Since 1999, Cui Fei has been working on two related series of works – Manuscript of Nature and Tracing the Origin – which continue until the present day. Utilizing “materials found in nature, such as tendrils, leaves and thorns composing a manuscript symbolizing the voiceless messages in nature that are waiting to be discovered and heard, ” she uses them in site-specific installations as well as in prints and photographs. Just as Chinese writing originated from nature as ideograms, the natural materials she uses in her installations become progressively abstracted as they are transformed into two-dimensional works in different media. “The various techniques used in this series – such as installation, printmaking, and photography - symbolize how Chinese written characters have become detached from their origin and, by inference, how humans have also detached themselves from nature. The materials I use in this series are carefully chosen. While dealing with the same issue, I want each process to bring in or highlight a different perspective.”

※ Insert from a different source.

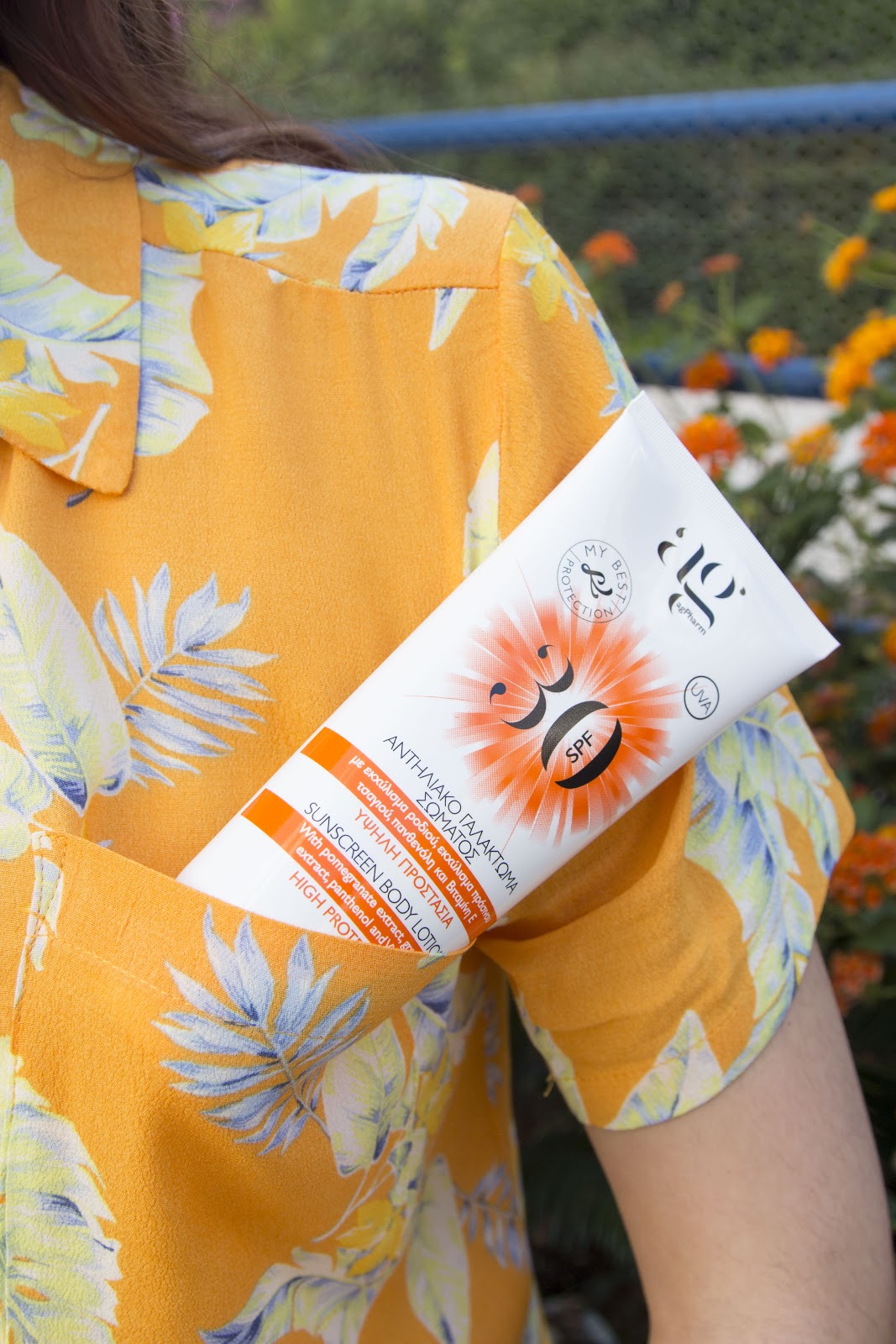 Πρώτο και κύριο είναι το αντηλιακό σώματος το οποίο είναι γαλάκτωμα αλλά δεν αφήνει άσπρα ίχνη στην επιδερμίδα μας, απλώνεται και απορροφάται γρήγορα και ομοιόμορφα διατηρώντας το δέρμα μας ενυδατωμένο. Είναι ανθεκτικό σαν σύνθεση στο νερό αλλά καλό είναι να το ανανεώνουμε μετά από κάθε βουτιά. Έχει μεταξένια υφή,SPF30 προσφέροντας υψηλή προστασία από την ηλιακή ακτινοβολία και βιταμίνη Ε που καταπολεμά την φωτό- γήρανση. Το εφαρμόζουμε από εδώ και πέρα και χωρίς να πάμε στην παραλία, όταν πρέπει να κυκλοφορήσουμε έξω τις πολύ ηλιόλουστες μέρες, κυρίως στην περιοχή των ώμων και των χεριών γενικότερα που κοκκινίζουν εύκολα.

Although Cui Fei works with materials such as grape tendrils, thorns, beans, and grasses and responds to their different qualities with great sensitivity, she organizes them in a highly methodical manner, aligning them or organizing them in grids that reference the minimalist preference for predictable structures. There is a predilection for counting in works such as Diary in which each blade of grass or bean represents a division of time. Her works are characterized by an elegant balance between opposing qualities, between natural forms and the geometrical way in which they are presented or the organization of ephemeral materials such as sand or salt into carefully transposed but ultimately meaningless pseudo-ideograms.

Contrasting with the organic abstraction of Cui Fei’s work but complementing it at a profound level are the haunting photographs of Taca Sui who is as deeply attuned to the poetics of China in the Zhou Dynasty (1027-771 BC) and the Spring and Autumn Period (770-476 BC) as he is to the early history of photography. Bypassing two-thousand years of Chinese civilization and its present westernized façade, he responds with particular intensity to the Shi Jing, or Book of Odes, the earliest existing collection of Chinese poetry comprising 305 songs and poems, dating from the 10th to the 7th century BC. This collection of popular songs, court poems and hymns, traditionally said to have been selected by Confucius from a much larger number, has had a profound effect on classical Chinese poetry and has occasioned numerous commentaries since the time it was first compiled.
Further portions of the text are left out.